Preconditioned Eigenvalue Solvers in Electronic Structure Calculations

Andrew Knyazev

Abstract

We start with a short and informal survey of eigenvalue problems
in electronic structure calculations in real and plane wave spaces.
We briefly describe a number of known software packages, namely,
Vienna Ab-initio Simulation Package (VASP), ABINIT, and
Multigrid Instead of the K-spAce (MIKA),
and review some eigenvalue solvers used in these packages
to calculate the electronic groundstate:
\begin{itemize}
\item Simple Davidson-block iteration scheme
·\item Single band, steepest descent scheme
\item Conjugate gradient optimization
\item Residual minimization scheme, direct inversion in the iterative subspace (RMM-DIIS)
\end{itemize}
We present, as a possible alternative,
the locally optimal block preconditioned conjugate gradient (LOBPCG)
method in the framework of VASP and ABINIT.
LOBPCG method can be interpreted as a specific version of conjugate gradient optimization,
different from those used in VASP. It can also be viewed as the steepest descent scheme,
augmented with extra vectors in the basis set, namely with the wavefunctions
from the previous iteration step, not with the residuals as implemented in VASP.
Finally, it can be treated
as simplified specially restarted block Davidson method [1].
The relative simplicity, reasonable robustness,
fast convergence and an easy possibility of blocking make the LOBPCG method
  a strong competitor in electronic structure calculations both in real and plane wave spaces.
We describe the LOBPCG as being developed in [2-4] and
compare it informally to VASP and ABINIT algorithms.
We discuss a recent LOBPCG implementation in ABINIT and
highlight the possibilities to make the LOBPCG even faster by
taking into account the specificity of
the electronic structure calculations eigenvalue problems.

References:
[1]. C. Murray, S. C. Racine, E. R. Davidson,
Improved algorithms for the lowest few eigenvalues and associated eigenvectors of large matrices.
J. Comput. Phys. 103 (1992), no. 2, 382--389.

[2] A. V. Knyazev,
A preconditioned conjugate gradient method for eigenvalue problems and its implementation in a subspace.
Numerical treatment of eigenvalue problems, Vol. 5 (Oberwolfach, 1990), 143--154, Internat. Ser. Numer. Math., 96,
Birkhäuser, Basel, 1991.

[3] A. V. Knyazev, Preconditioned eigensolvers---an oxymoron?
Electron. Trans. Numer. Anal. 7 (1998), 104--123 (electronic).

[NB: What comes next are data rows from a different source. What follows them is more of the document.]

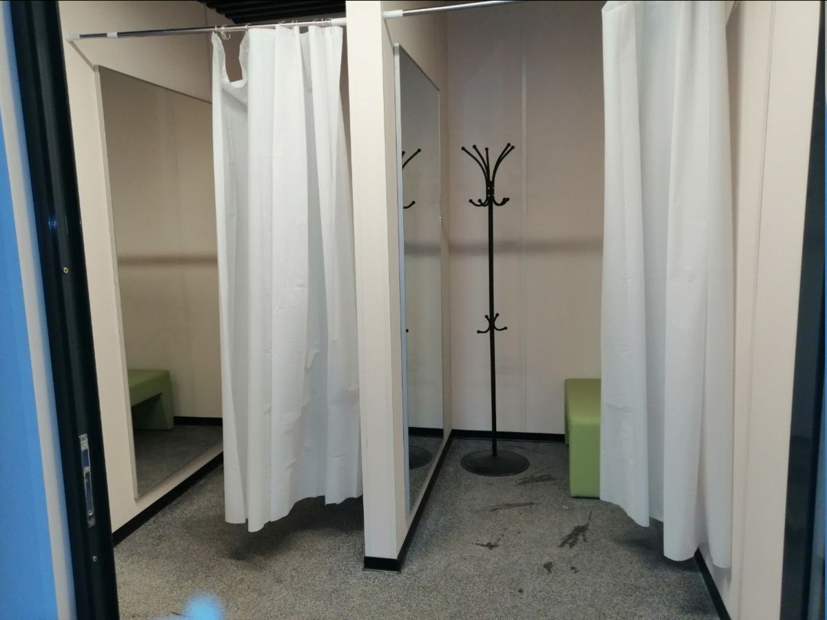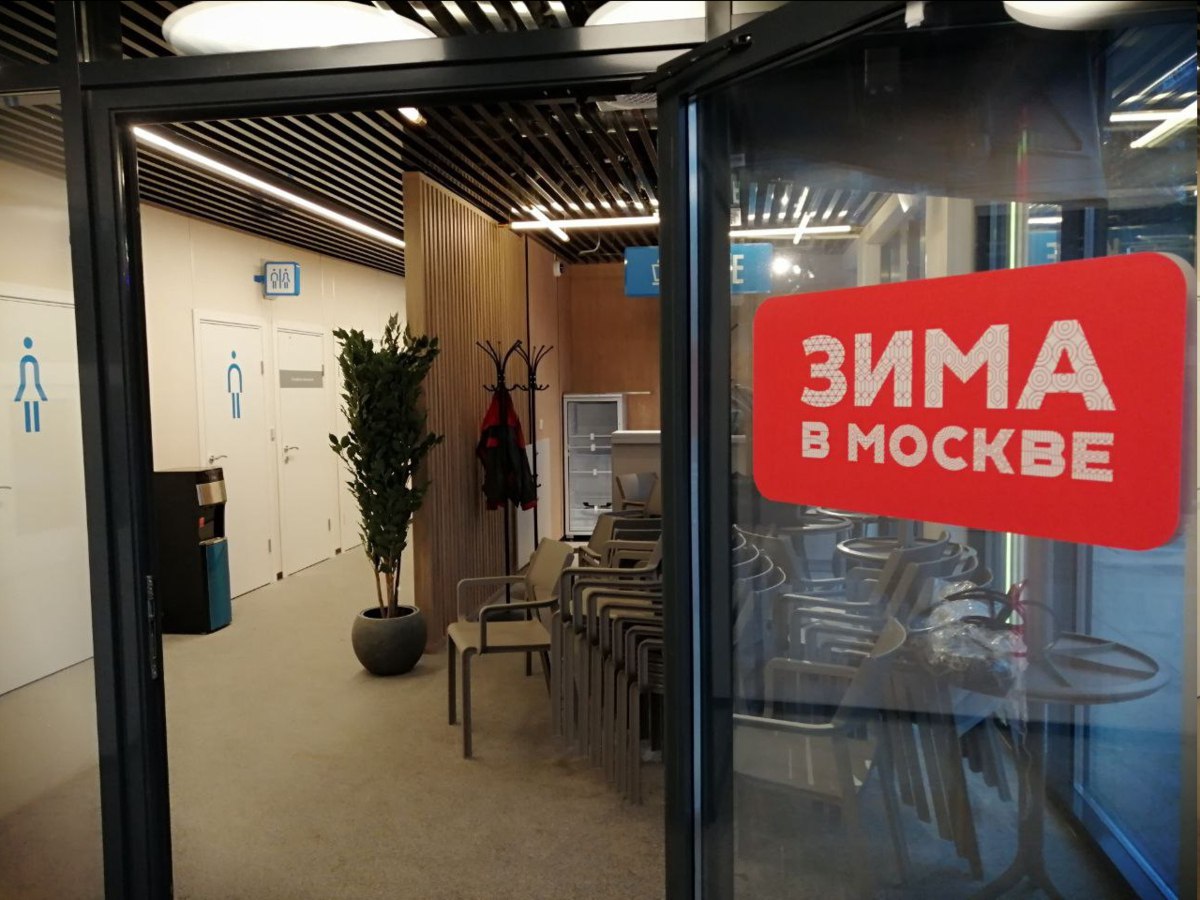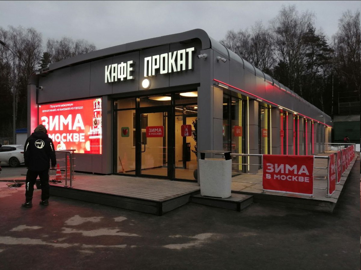 Это не просто новая площадка, которая может работать в условиях тёплой зимы — рядом поставили здание с теплыми раздевалками, прокатом, туалетами, медпунктом, в будущем появится кафе (судя по документам мэрии, столики кафе летом расположат на веранде).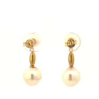 Aretes colgantes de perlas cultivadas en oro amarillo de 14 quilates con cierre de mariposa
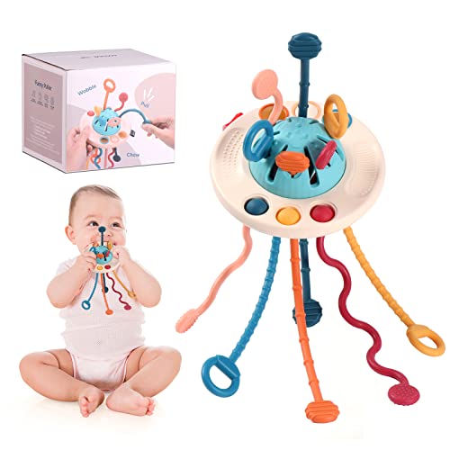 Jouets éducatifs Multi-Sensoriel : Il s’agit d’un jouet sensoriel bien conçu pour les bébés qui font leurs dents et les tout-petits curieux. Couleurs vives pour stimuler la vision de bébé. Exercez la dextérité de la main et favorisez la réponse tactile en tirant le cordon en silicone de haut en bas, en appuyant sur les boutons.

[3] A. V. Knyazev, Preconditioned eigensolvers.
In Templates for the Solution of Algebraic Eigenvalue Problems: A Practical Guide. Editors: Zhaojun Bai, James Demmel, Jack Dongarra, Axel Ruhe, and Henk Van der Vorst, SIAM, pp. 337-368, 2000.

[4] A. V. Knyazev, Toward the optimal preconditioned eigensolver:
locally optimal block preconditioned conjugate gradient method.
SIAM J. Sci. Comput. 23 (2001), no. 2, 517--541 (electronic).